Davide Pucci1, Federico Becattini1,2, Alberto Del Bimbo1
1Media Integration and Communication Center (MICC), University of Florence, 50124 Firenze, Italy.
This study predicts action progress using body joints, a novel approach in computer vision. This method offers a lightweight and effective way to understand action evolution from raw pixels.
Area of Science:
- Computer Vision
- Machine Learning
Background:
- Action understanding is crucial for surveillance and robotics.
- Existing methods focus on action localization and recognition, not evolution.
- Action progress prediction estimates how far an action is performed.
Purpose of the Study:
- To propose a novel method for action progress prediction using body joints.
- To leverage the precise pose information from body joints for effective action characterization.
- To develop a lightweight and efficient approach for action progress estimation.
Main Methods:
- Utilizing human body joints as the primary modality for action progress prediction.
- Integrating keypoint and action information modules.

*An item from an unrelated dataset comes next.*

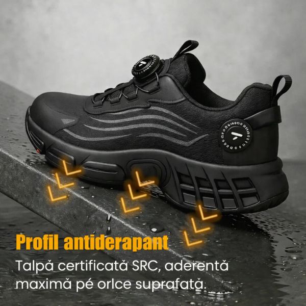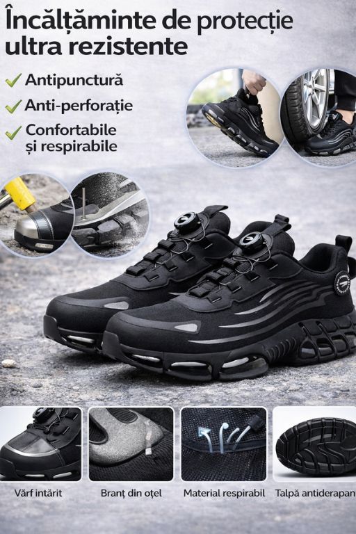 Te deplasezi în siguranță pe șantiere, în ateliere sau pe terenuri dificile, fără riscul de perforații sau lovituri. Acești pantofi îmbină tehnologie avansată și siguranță reală, fiind creați pentru cei care lucrează zilnic în medii solicitante.

- Enabling direct processing from raw pixels.
Main Results:
- Demonstrated the effectiveness of body joints for action progress prediction.
- Showcased a model that exploits body joints for characterizing action evolution.
- Validated the proposed method on the Penn Action Dataset.
Conclusions:
- Body joints provide a lightweight and effective modality for action progress prediction.
- The proposed method offers a novel approach to understanding action evolution in computer vision.
- This research advances the field of action understanding by focusing on temporal progression.